Responding to the report, the LGA stated that councils expected care homes to meet a high standard that went beyond simply getting people dressed and washed in the morning.

“While it is clear that in some places, there is work to be done and areas for improvement, it is encouraging to note that most people have said the care they receive is good,” Cllr Izzi Seccombe, chairman of the LGA’s Community Wellbeing Board, said.

“The recent Care Quality Commission report also found that the majority of care provided for adults is rated ‘good’ or ‘outstanding’. Councils as commissioners work closely with providers who deliver services to ensure both the availability of high-quality care and continuous improvement.”

However, Cllr Seccombe did concede that the study was yet another “stark reminder” of the reality of the funding crisis facing adult social care and the urgent need to bring stability to the provider market.
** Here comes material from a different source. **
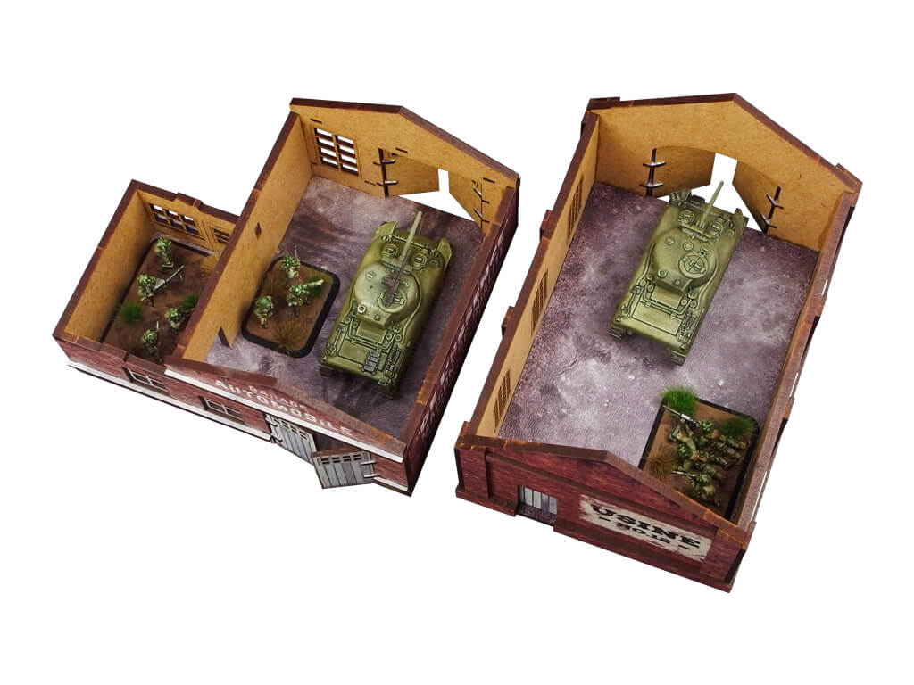 A set of two multicolor prepainted (UV-printed) WW2 Normandy buildings with accessible interiors and removable roofs. Multiple infantry squads and vehicles fits inside. Option to assemble with open/closed doors.

“While the £2bn announced in the Spring Budget for social care was a step in the right direction, it is only one-off funding and social care services still face an annual £2.3bn funding gap by 2020,” she argued. “It is absolutely critical that the government brings forward its consultation for social care announced in the Queen’s Speech, and that it works with local government leaders in delivering a long-term sustainable solution for social care.

“This must address the issue of long-term funding, but it must also create the conditions necessary to ensure the development of the right kind of care and support services.”

And Margaret Willcox, president of the Association of Directors of Adult Social Services (ADASS), added that the report was an “insightful” look which her organisation would take forward to deliver improvements across care homes and ensure high standards were being met.

“While it is not all about funding, the very difficult financial state of social care clearly impacts on the quality of services, and this report is a reminder of the need for government to address this for the short and longer term without delay,” she stated.